To obtain a high-power, high-beam-quality, all-solid-state 355 nm ultraviolet laser, a solid-state intracavity Nd∶YVO₄ laser is first designed and manufactured to significantly enlarge the spot radius of the fundamental frequency light at the tripling crystal while ensuring high power output, thereby extending the lifespan of the nonlinear crystal. Then, the second harmonic generated by the type I phase-matching nonlinear lithium triborate (LBO) crystal, has a polarization state perpendicular to that of the fundamental frequency light. The incident fundamental light and the generated second harmonic perfectly satisfy the type II phase-matching conditions of the triple-frequency LBO crystal, achieving the output of a triple-frequency 355 nm laser. On this basis, by comparing the output power of a 355 nm laser with different lengths of the second harmonic crystal, the optimal triple-frequency conversion efficiency is achieved. The study also explores the differences in 532 nm laser output power and beam quality of 355 nm laser under different lengths of the second harmonic crystal and the conditions of the same and different optical axis directions of two nonlinear crystals.

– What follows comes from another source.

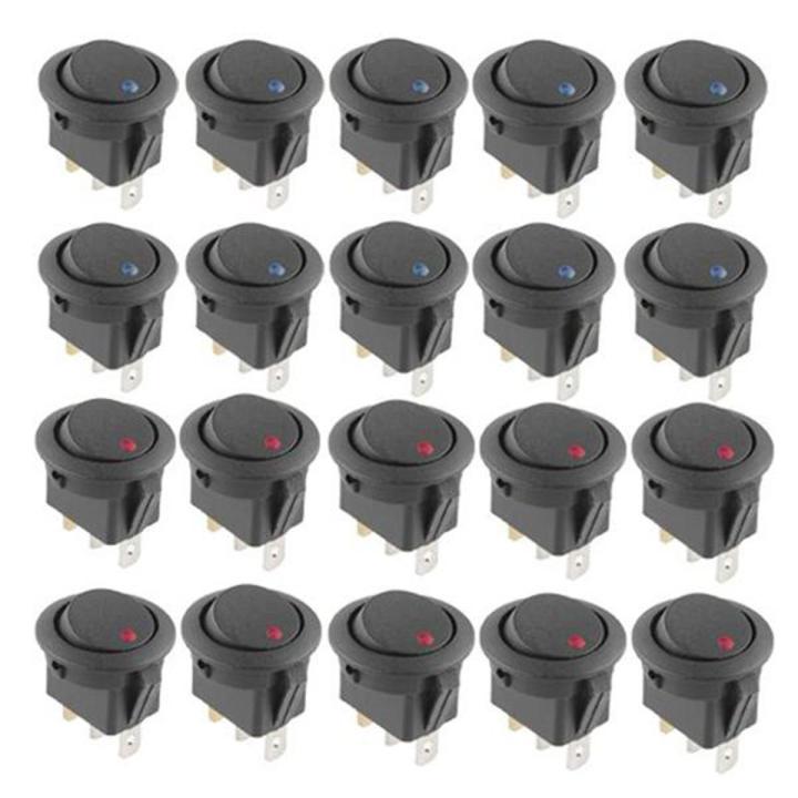 20 Pcs 12V 20A Amps On/Off/ 3 Position Terminal Round Rocker LED Toggle Switch Blue & Red
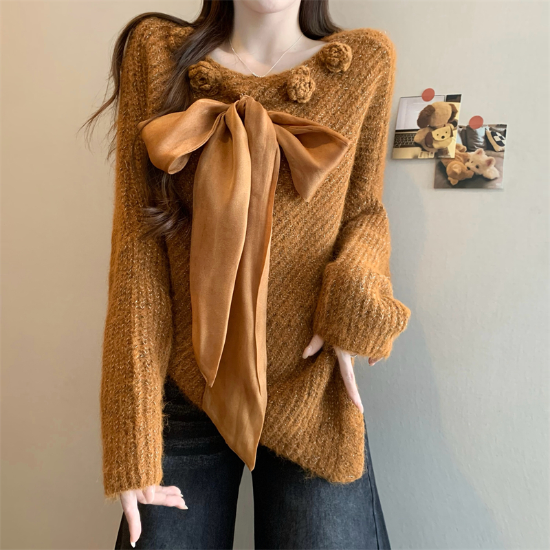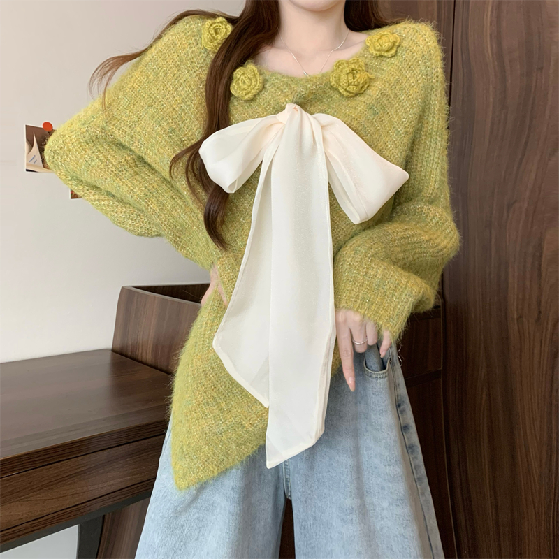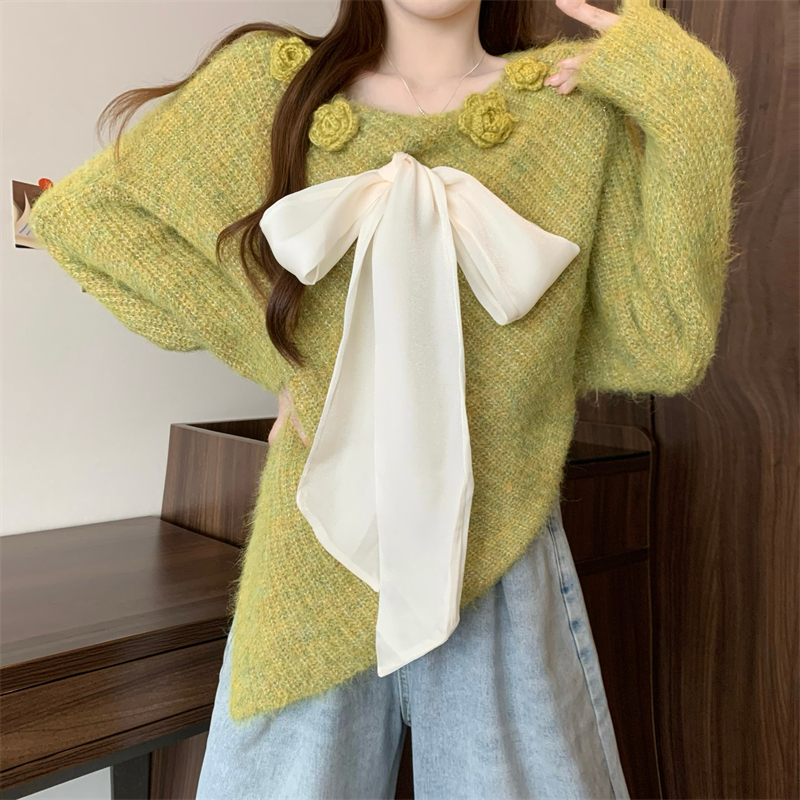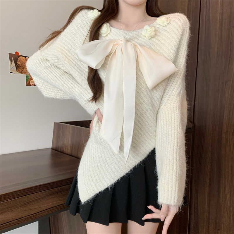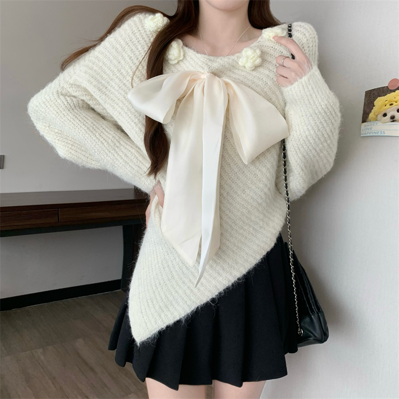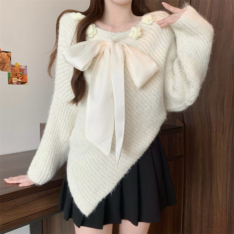 MY14448# 新版韩风设计感不规则立体花朵针织衫毛衣女裝貨源服裝批發

First, frequency conversion is achieved using LBO crystals with 19 mm and 11 mm in length, and the differences in the output power of a 355 nm laser under the same and different optical axis orientations of the two nonlinear crystals are recorded. When walk-off is compensated, the output power of the 355 nm laser reaches 14.1 W, which is 2 W higher than that observed before the walk-off is increased [Fig. 3(a)]. By adjusting the lengths of the different second harmonic crystals, the optimal triple-frequency conversion efficiency is achieved [Fig. 3(b)], indicating that the triple-frequency conversion efficiency is the best when the second harmonic crystal length is 11 mm. The transformation relationship of the 532 nm laser output power with the pump light power is also measured under different lengths of the second harmonic crystal (Fig. 4), similarly indicating that the second harmonic conversion efficiency is the highest under the same second harmonic crystal. Based on this, the differences in the beam quality of the 355 nm laser under compensated and uncompensated walk-off conditions are measured [Fig. 5(a) and Fig. 5(b)], showing that walk-off compensation technology effectively compensates for the walk-off phenomenon caused by the mixing of fundamental frequency light and harmonic light in the triple-frequency crystal, thereby improving both the triple-frequency conversion efficiency and beam quality. At the highest average 35 nm laser output power, the corresponding pulse width is 12.8 ns [Fig. 7(a)], and the beam quality is better than 1.18 (Fig. 5). The power stability (root mean square) at 14.1 W for 10 h is better than 0.9% [Fig. 7(b)].

In summary, this study describes the creation of a high-power, all-solid-state 355 nm ultraviolet laser by placing two LBO crystals inside a cavity for second harmonic generation (SHG) and third harmonic generation (THG), respectively. The walk-off compensation technique between the two nonlinear crystals inside the cavity structure is experimentally verified to enhance the output power and improve the beam quality of the 355 nm laser. This ensures that even when the fundamental frequency spot diameter at the triple-frequency crystal reaches 836 μm, the 355 nm laser can still achieve high power, high beam quality, and highly stable output. An output of 14.1 W for 355 nm pulsed light is obtained with a pump injection power of 96.8 W, corresponding to an infrared-to-ultraviolet light-to-light conversion efficiency of 32.1%, a pulse width of 12.8 ns, a pulse repetition frequency of 35 kHz, and a beam quality of better than 1.18. The power stability (root mean square) at 14.1 W over 10 h is better than 0.9%. The design proposed in this study features a simple system structure, high average power, and good beam quality. It also suggests that for other research using LBO crystals with double-ended vertical cross-sections for tripling frequency, adopting this design will yield higher 355 nm laser output power and conversion efficiency. These characteristics make the laser suitable for widespread commercial applications in fields such as light-emitting diode, liquid crystal display, ceramics, and glass cutting.